Add MetOpAMSUA and MetOpAVHRR DataFrameSource implementations for EUMETSAT MetOp satellite Level 1B products, accessed via the eumdac library.

Data source details

Property MetOpAMSUA MetOpAVHRR
Source type DataFrameSource DataFrameSource
Collection ID EO:EUM:DAT:METOP:AMSUL1 EO:EUM:DAT:METOP:AVHRRL1
Format EPS native binary (custom parser) EPS native binary (custom parser)
Channels 14 (23.8–57.3 GHz microwave) 6 (0.63–12.0 µm visible/IR)
Spatial resolution ~50 km at nadir ~20 km (103 EPS tie points per scan line)
Temporal coverage 2006-present 2006-present
Region Global (LEO polar orbit, ~14 orbits/day) Global (LEO polar orbit)
Authentication EUMETSAT API key/secret (env vars) EUMETSAT API key/secret (env vars)

Implementation highlights

  • MetOpAMSUA: Custom binary parser for EPS native MDR-1B records (3464 bytes/scan). Extracts calibrated radiances, converts to brightness temperatures via Planck inverse function, with full geolocation and satellite geometry. Channel 15 (89 GHz) excluded due to ~97% missing data in L1B products.
  • MetOpAVHRR: Custom binary parser for EPS native format (~907 MB/orbit). Parses GIADR-radiance for calibration coefficients, reads MDR SCENE_RADIANCES at 103 navigation tie points per scan line. Visible channels calibrated to reflectance (%), thermal channels to brightness temperature (K). Handles 3a/3b channel switching via FRAME_INDICATOR bit 16. ~120x faster than satpy approach (1.2s vs ~150s per file).
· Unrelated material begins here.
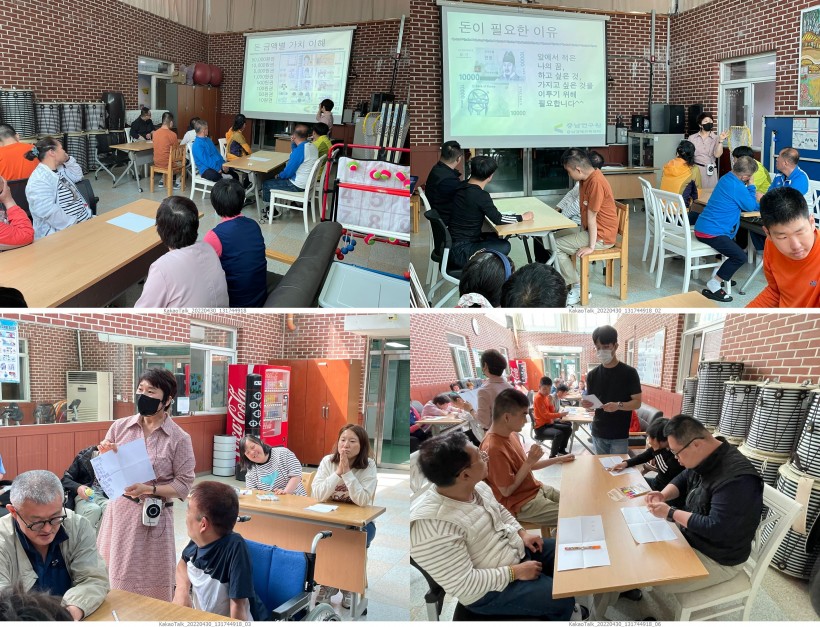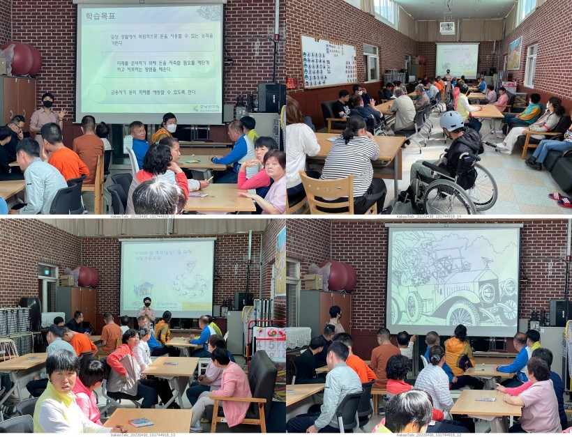 충남경제교육센터에서 강사님이 오셔서 천안 죽전원 거주인46명을 대상으로 금전관리교육을 진행하였습니다.

Validation script is below, about 10x faster to load file than satpy (which is GPL anyway).
  • Both sources use eumdac for OAuth2-authenticated data access to the EUMETSAT Data Store.
  • All binary format offsets and calibration formulas taken from public EUMETSAT Product Format Specification documents linked in docstrings
  • MetOpAMSUALexicon and MetOpAVHRRLexicon with 20 new E2STUDIO_VOCAB entries.
  • 24 non-network unit tests (mock + binary parser unit tests), 8 network integration tests.

Data licensing

License: EUMETSAT Data Policy
URL: https://www.eumetsat.int/data-policy

Full operational data freely available. Open access for both commercial and non-commercial use under EUMETSAT's data policy established by Member States. Complies with WMO data sharing principles.

Dependencies added

Package Version License License URL Reason
eumdac >=3.1.0 MIT LICENSE.txt EUMETSAT Data Access Client for OAuth2 auth and product search/download

No GPL dependencies. Both AMSU-A and AVHRR parsers are clean-room implementations using only struct, numpy, and pandas.

Performance

Source File size Parse time (subsample=16) Observations
MetOpAMSUA ~2.6 MB <0.1s ~23k/orbit
MetOpAVHRR ~907 MB 1.2s (6 channels) ~1M/orbit

Files changed

File Description
earth2studio/data/metop_amsua.py MetOpAMSUA DataFrameSource (custom EPS binary parser)
earth2studio/data/metop_avhrr.py MetOpAVHRR DataFrameSource (custom EPS binary parser)
earth2studio/lexicon/metop.py Lexicon classes for both instruments
earth2studio/lexicon/base.py 20 new E2STUDIO_VOCAB entries
test/data/test_metop_amsua.py 13 tests (9 mock/unit + 4 network)
test/data/test_metop_avhrr.py 19 tests (15 mock/unit + 4 network)
earth2studio/data/__init__.py Register new sources
earth2studio/lexicon/__init__.py Register new lexicons
docs/modules/datasources_dataframe.rst Documentation entries
pyproject.toml + uv.lock New dependency (eumdac)
CHANGELOG.md Release notes

Sanity-check plots

AMSU-A (channels 4, 9, 14 — 2025-01-15)

AMSU-A sanity check

AVHRR (channels 4, 5 — 2025-01-15)

AVHRR sanity check

Sanity-check script (not committed)
"""Sanity-check plots for MetOp AMSU-A and AVHRR data sources."""
import os
from datetime import datetime, timedelta
import matplotlib.pyplot as plt
import cartopy.crs as ccrs
import cartopy.feature as cfeature

os.environ["EUMETSAT_CONSUMER_KEY"] = "YOUR_KEY"
os.environ["EUMETSAT_CONSUMER_SECRET"] = "YOUR_SECRET"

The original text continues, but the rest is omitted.